Dataset records =>
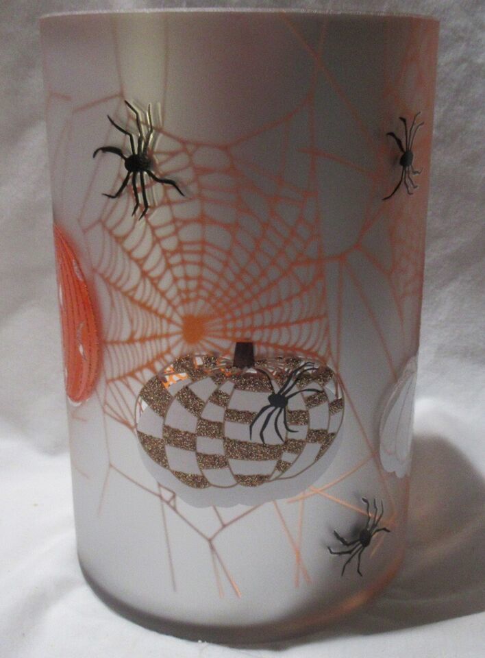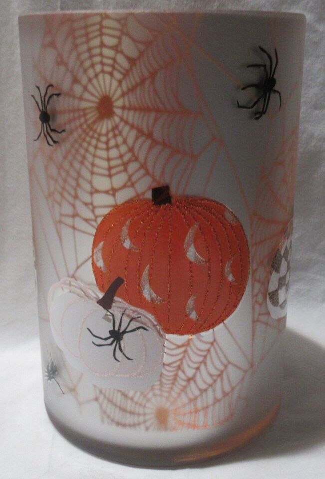 Yankee Candle Frosted Large Jar Holder J/H Halloween FLICKER SPIDER PUMPKIN
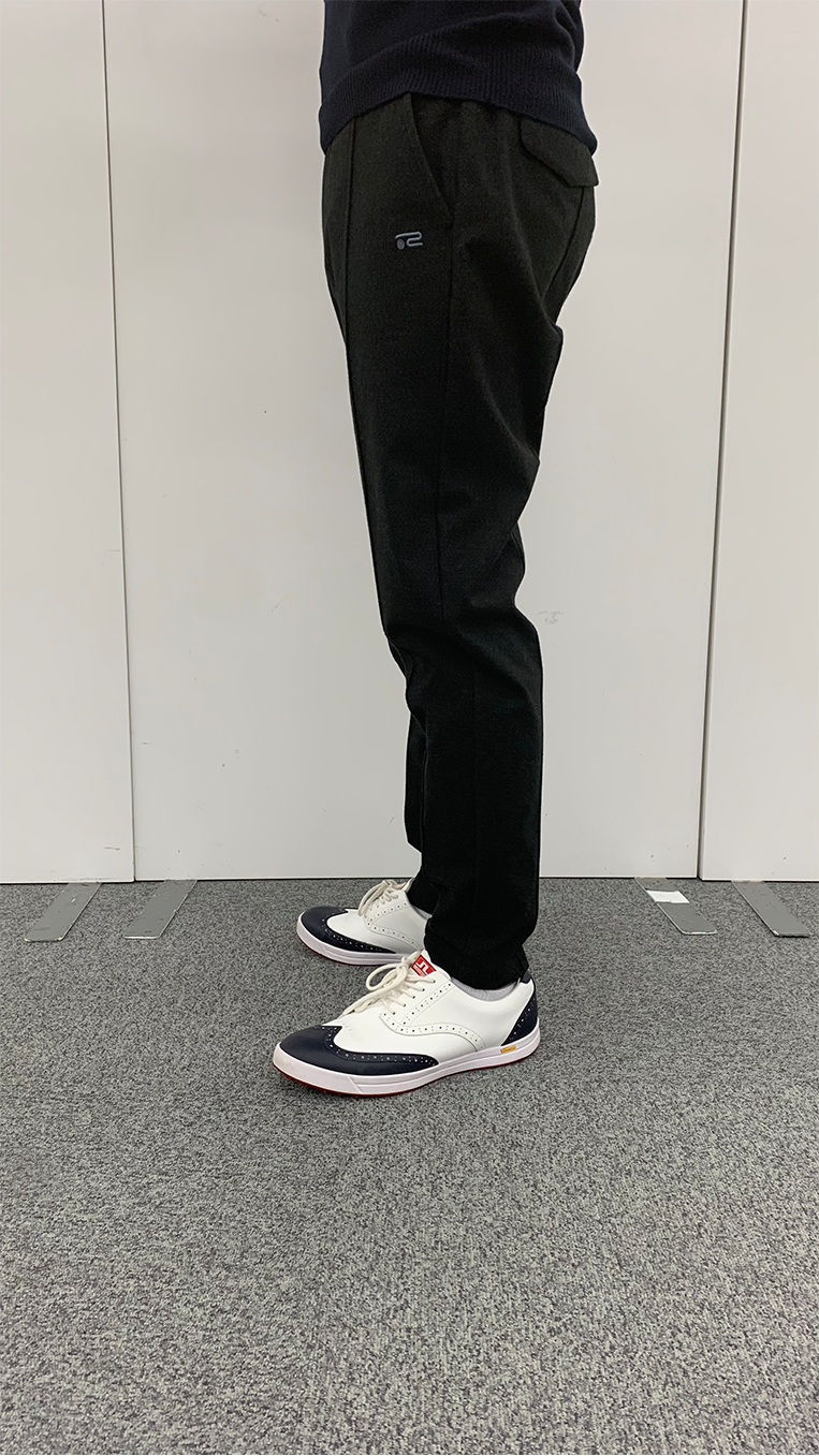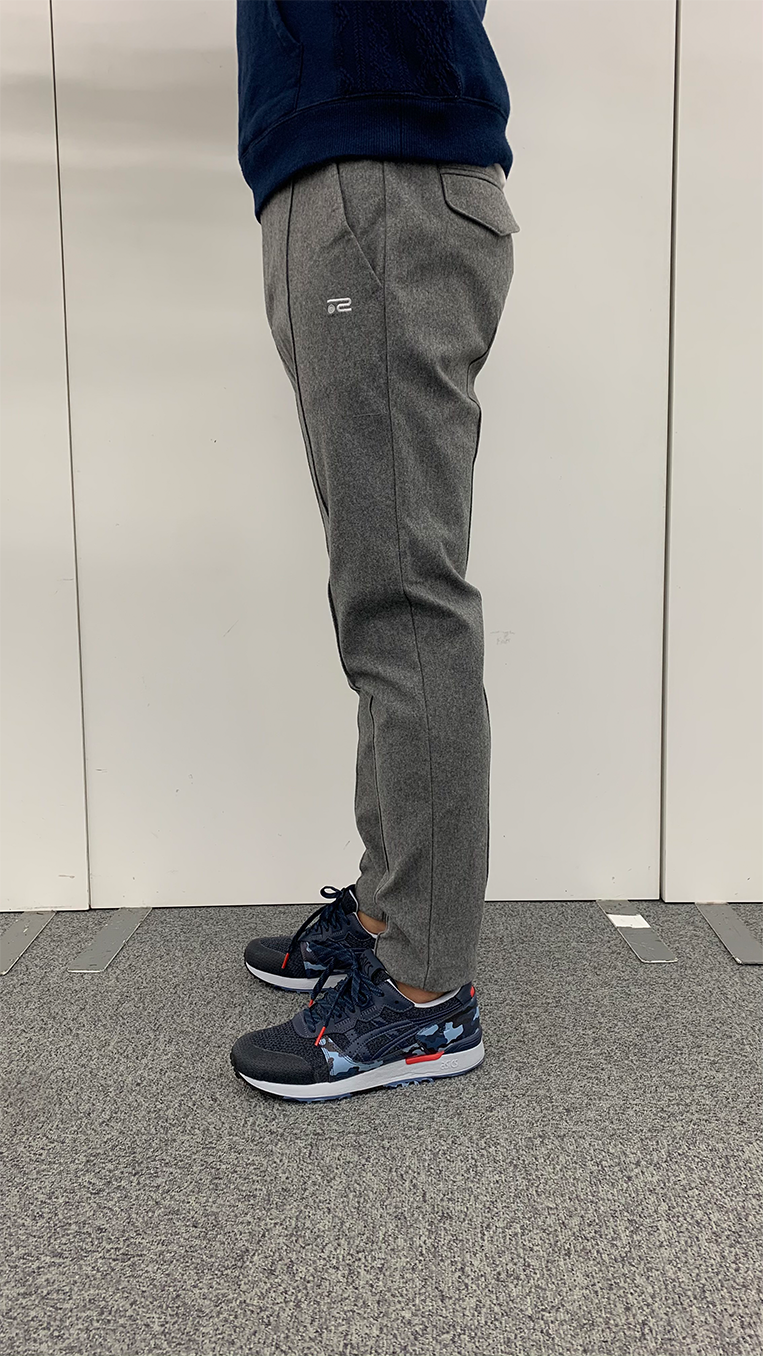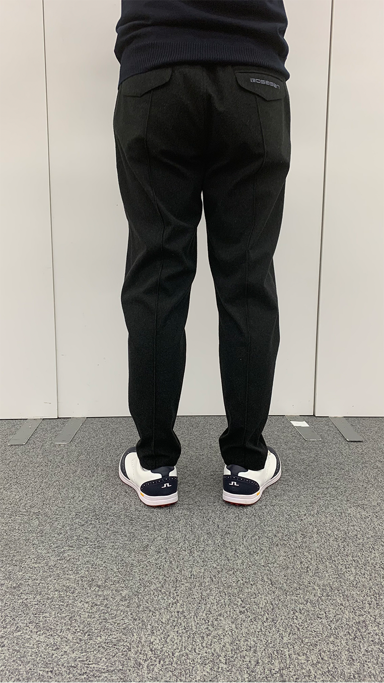 ウエストが少し緩いが、ふくらはぎのサイズ感的にはベストサイズ。
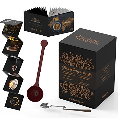 NEWEST Design! SUPERIOR French Press Bundle: The Coffee, Espresso and Tea Maker 1 Litter (about 8 small coffee cups or 4 coffee mugs) + 1 unique SPOON made from thick stainless steel + 4 FILTER screens (The only Coffee Maker with 4 Screens System for no more grounds in your coffee) + 1 Coffee/Tea SCOOP + HARD COPY Instruction Book and Barista's Recipes. CONFIDENCE: 5 YEARS WARRANTY
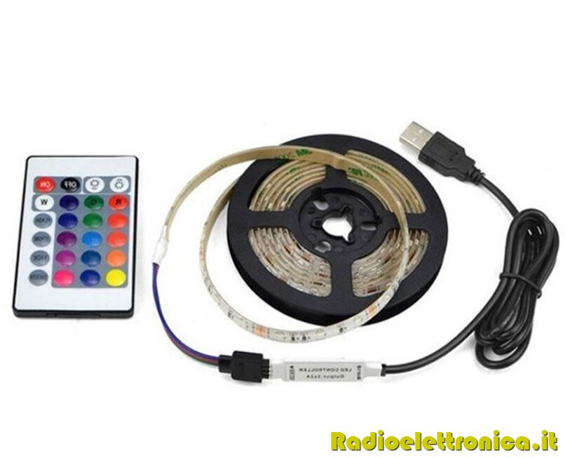 Striscia LED RGB 5m IP65 cavo di alimentazione USB con telecomando
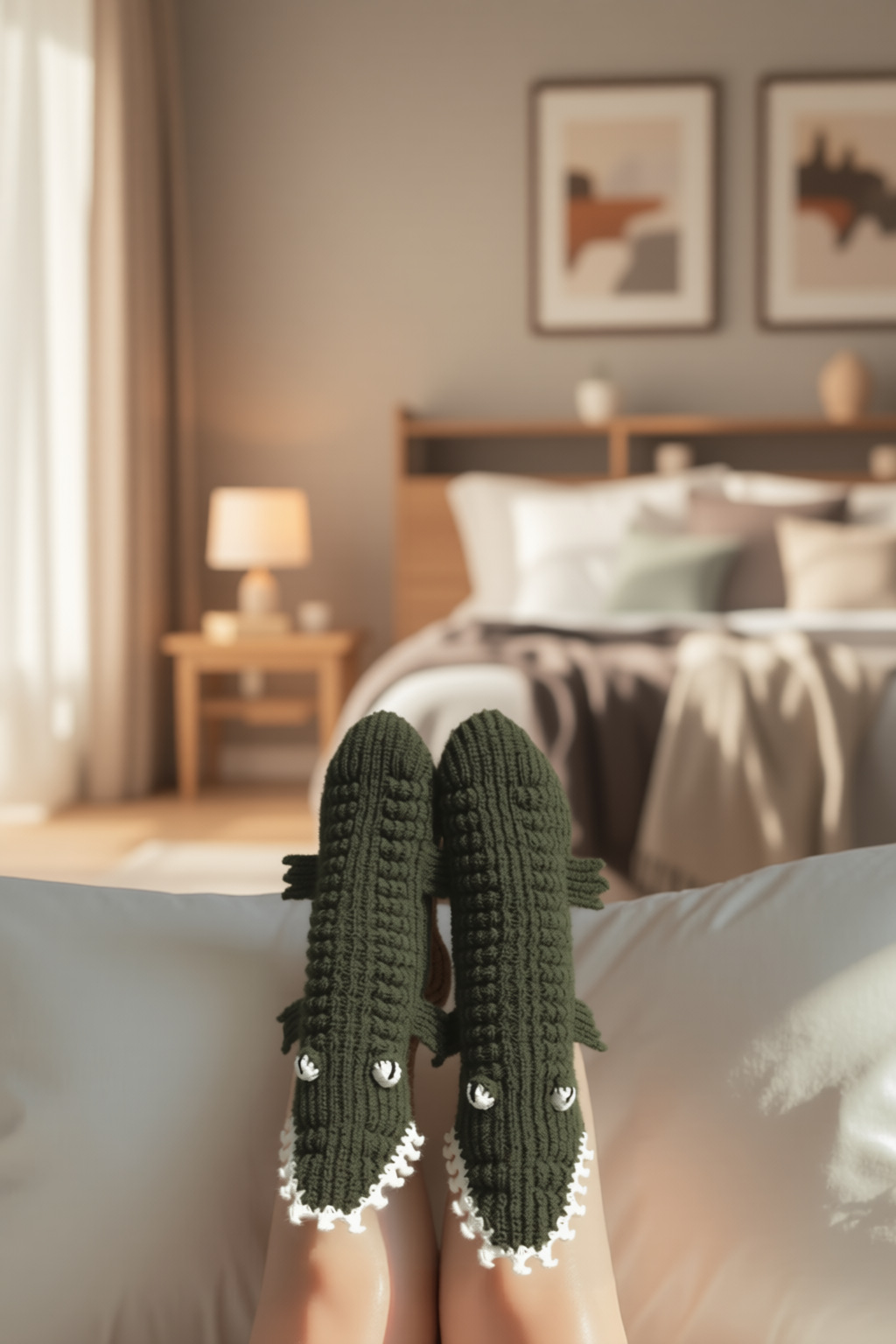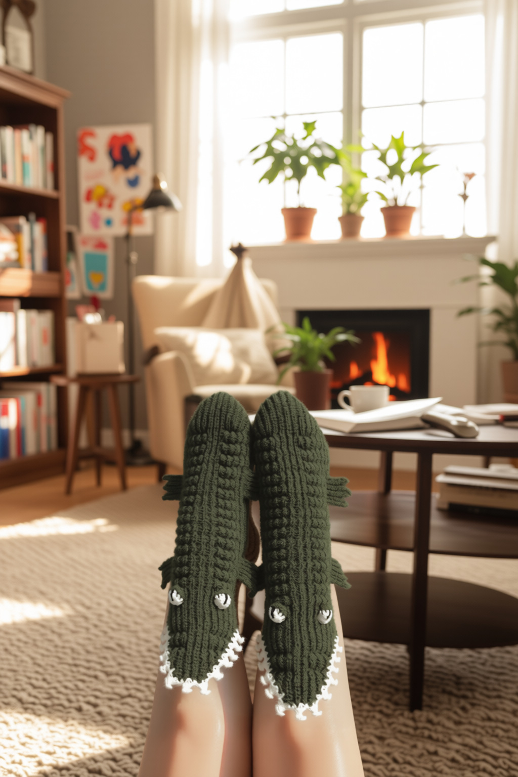 crocodile knitted socks-green

How to complete this task =>
Exclude every picture, then return precisely the lines that run from the line containing "ウエストが少し緩いが、ふくらはぎのサイズ感的にはベストサイズ。" through the end of the entries above.

Response to the task =>
 ウエストが少し緩いが、ふくらはぎのサイズ感的にはベストサイズ。
 NEWEST Design! SUPERIOR French Press Bundle: The Coffee, Espresso and Tea Maker 1 Litter (about 8 small coffee cups or 4 coffee mugs) + 1 unique SPOON made from thick stainless steel + 4 FILTER screens (The only Coffee Maker with 4 Screens System for no more grounds in your coffee) + 1 Coffee/Tea SCOOP + HARD COPY Instruction Book and Barista's Recipes. CONFIDENCE: 5 YEARS WARRANTY
 Striscia LED RGB 5m IP65 cavo di alimentazione USB con telecomando
 crocodile knitted socks-green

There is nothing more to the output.